There is also the revolving door between academia, policy making and corporate media which exist as mutually reinforcing and out of control structural entities, none of whom are independent. The latter routinely fail to hold power to account and are thus widely distrusted by the public, hardly the template for a long-term sustainable business strategy predicated on trust capital. Over the decades the public have become less trustful of the major networks and investigative journalists have become increasingly intimidated for not toeing the establishment line.
“Even if journalists know that’s what they’re pushing is not the truth – a classic example, Iraq and WMD – I think they are very intimidated, as are many people in the public, with the idea of challenging, of raising the question, that maybe their governments are not benign. It’s a very difficult thing psychologically for people to get over that hurdle. That keeps journalists in line and has kept them in line for a very long time, even when they know that they’re losing public support.”

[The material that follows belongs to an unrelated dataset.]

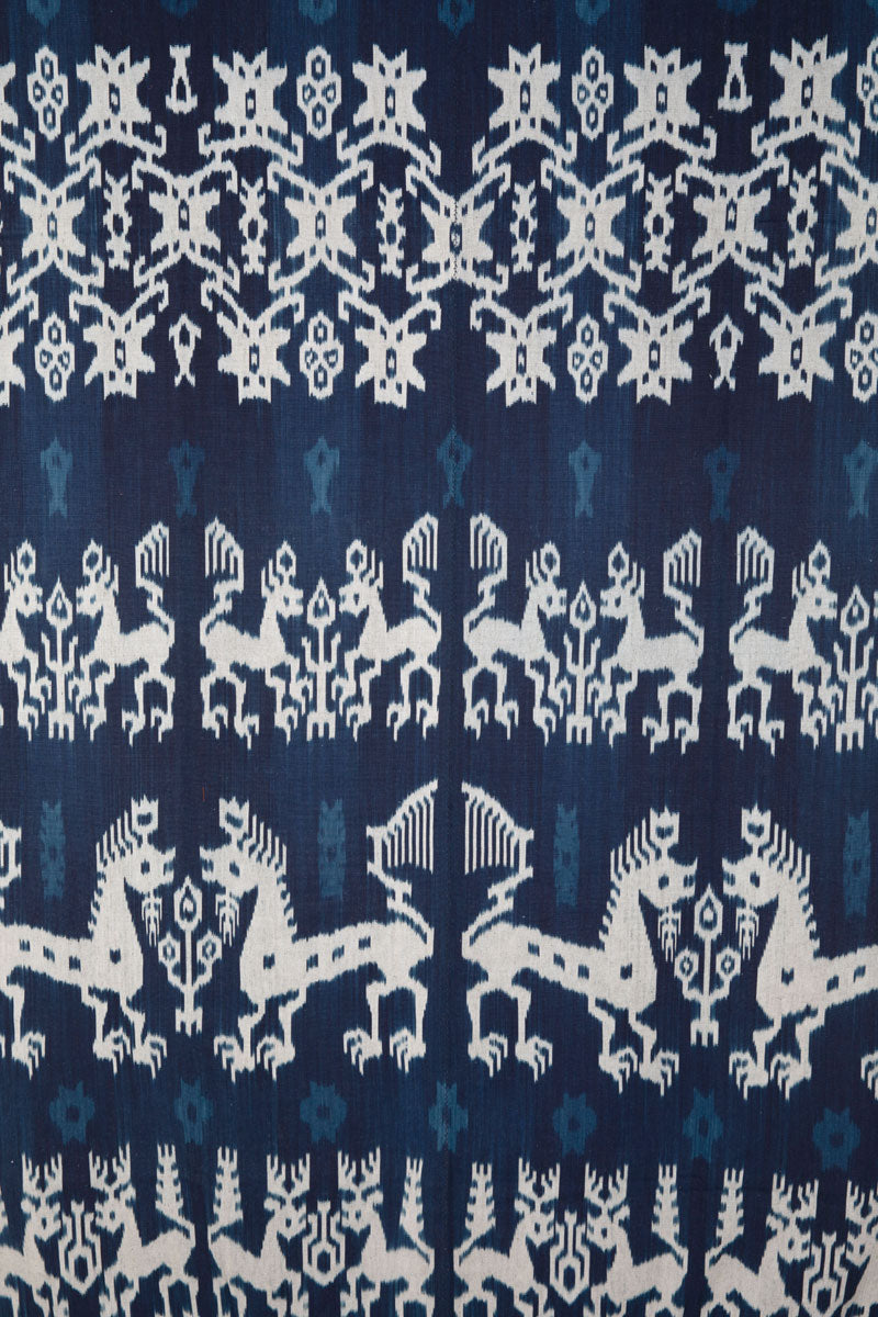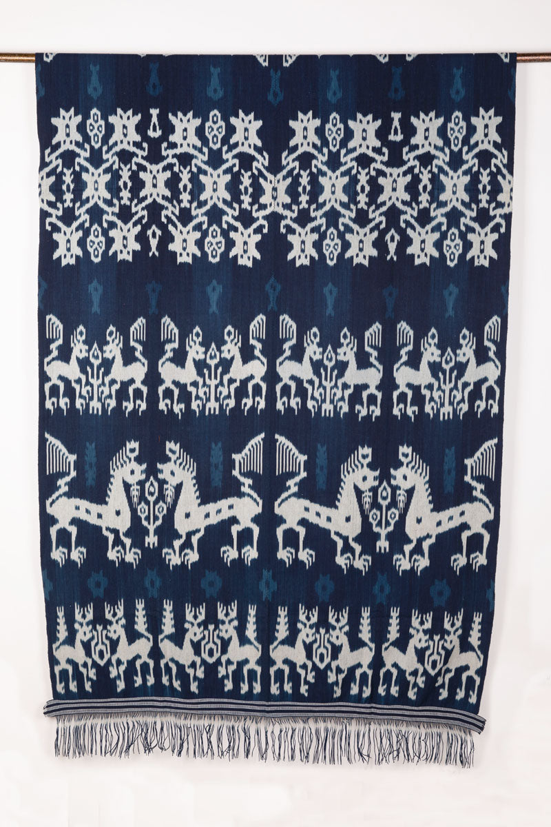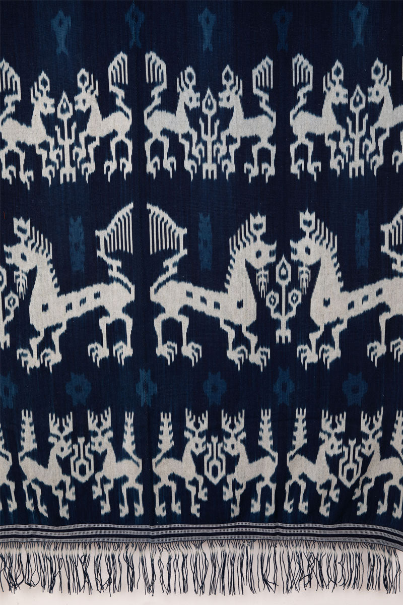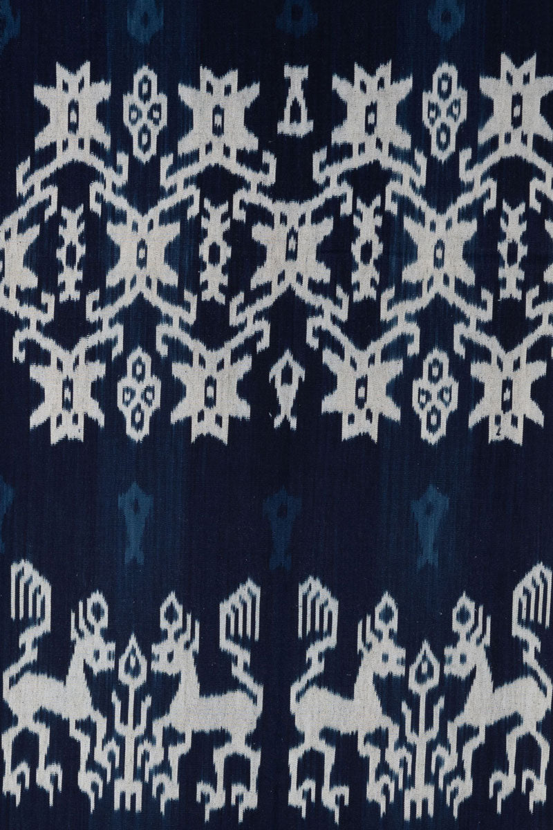 The exquisite sharpness of the white motifs on this deep blue indigo blanket is a mark of a master weaver who takes great pride in her work. Her careful and tedious tying the threads with binds of palm fiber that will resist the repeated application of indigo dyeing is remarkable. The indigo is well finished with no lingering smell of the process which makes it safe to put on your couch or use as a bed throw. The brilliant white ikat patterning denotes a lion motif and borders the main centerfield containing a star kandunu motif.

From Robinson’s perspective as a critical academic, the notion that governments’ are anything other than benign has not been such a difficult hurdle to navigate. Robinson’s field is foreign policy, international conflict and media. Having worked on media propaganda and the Iraq conflict, the academic, along with other colleagues, set up the Syrian Working Group to challenge the political and media establishments anti-Syria propaganda.

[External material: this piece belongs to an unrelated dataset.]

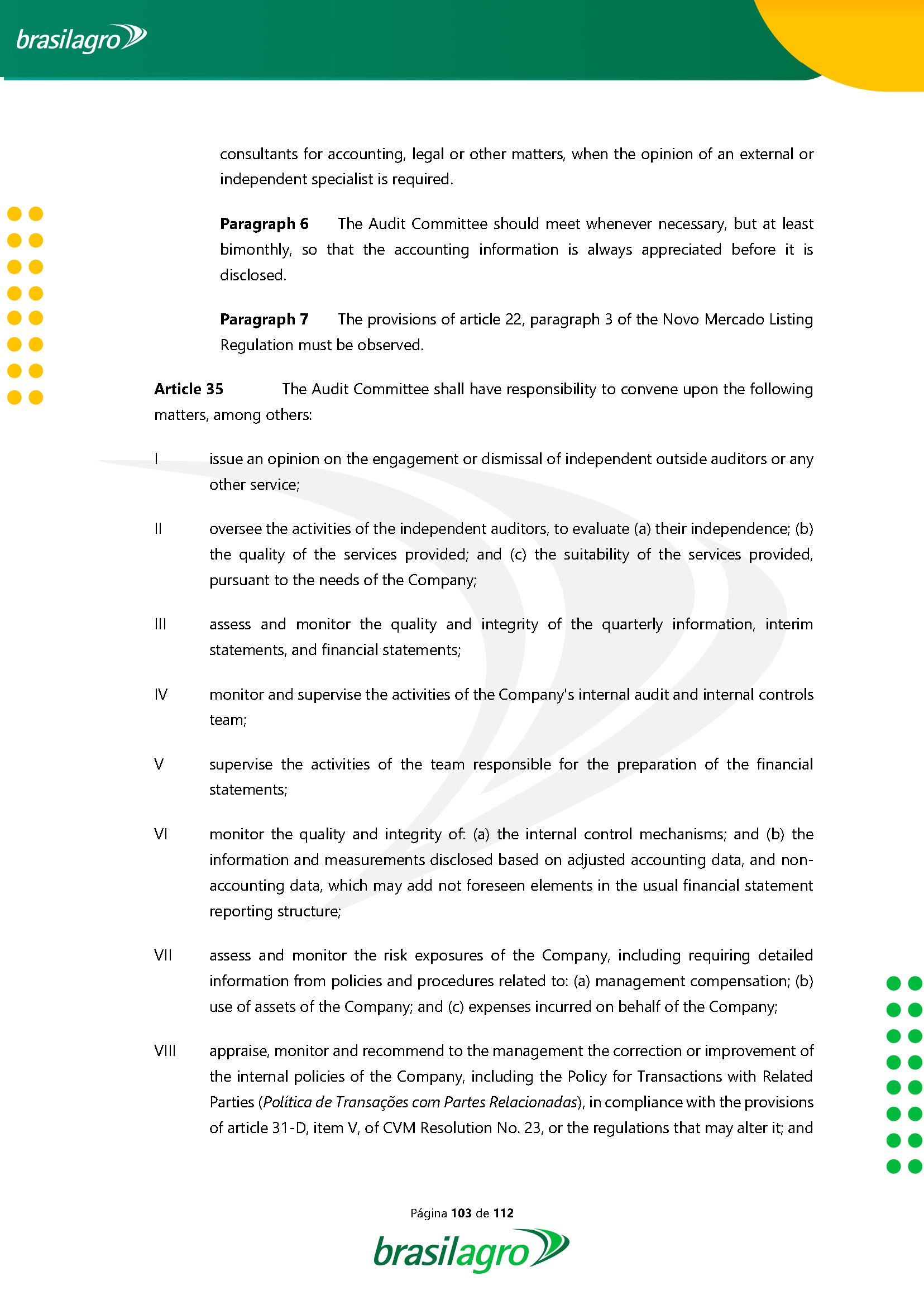consultants for accounting, legal or other matters, when the opinion of an external or independent specialist is required . Paragraph 6 The Audit Committee should meet whenever necessary, but at least bimonthly, so that the accounting information is always appreciated before it is disclosed . Paragraph 7 The provisions of article 22 , paragraph 3 of the Novo Mercado Listing Regulation must be observed . Article 35 The Audit Committee shall have responsibility to convene upon the following matters, among others: Página 103 de 112 I issue an opinion on the engagement or dismissal of independent outside auditors or any other service; II oversee the activities of the independent auditors, to evaluate (a) their independence ; (b) the quality of the services provided ; and (c) the suitability of the services provided, pursuant to the needs of the Company ; III assess and monitor the quality and integrity of the quarterly information, interim statements, and financial statements; IV monitor and supervise the activities of the Company's internal audit and internal controls team; V supervise the activities of the team responsible for the preparation of the financial statements; VI monitor the quality and integrity of : (a) the internal control mechanisms ; and (b) the information and measurements disclosed based on adjusted accounting data, and non - accounting data, which may add not foreseen elements in the usual financial statement reporting structure ; VII assess and monitor the risk exposures of the Company, including requiring detailed information from policies and procedures related to : (a) management compensation ; (b) use of assets of the Company ; and (c) expenses incurred on behalf of the Company ; VIII appraise, monitor and recommend to the management the correction or improvement of the internal policies of the Company, including the Policy for Transactions with Related Parties ( Política de Transações com Partes Relacionadas ), in compliance with the provisions of article 31 - D, item V, of CVM Resolution No . 23 , or the regulations that may alter it ; and

The group have been vindicated as a result of leaks from OPCW whistleblowers in relation to Douma outlined above. They obtained evidence that the Foreign and Commonwealth Office (FCO) was engaged in a major propaganda operation against Syria.
According to Robinson, a new bout of US aggression against Syria under the Biden administration is to be expected because the country represents a key component of the long-term neocon objective of regime change in the region. How long the United States and it’s allies can continue to deceive a large swath of the public into going along with constant wars abroad especially when their own populations are struggling economically in a post-Covid climate, is unclear. In Robinson’s view, wars fought fraudulently in the public’s name are becoming less and less accepted to the extent that in the coming years a tipping point is bound to be exceeded.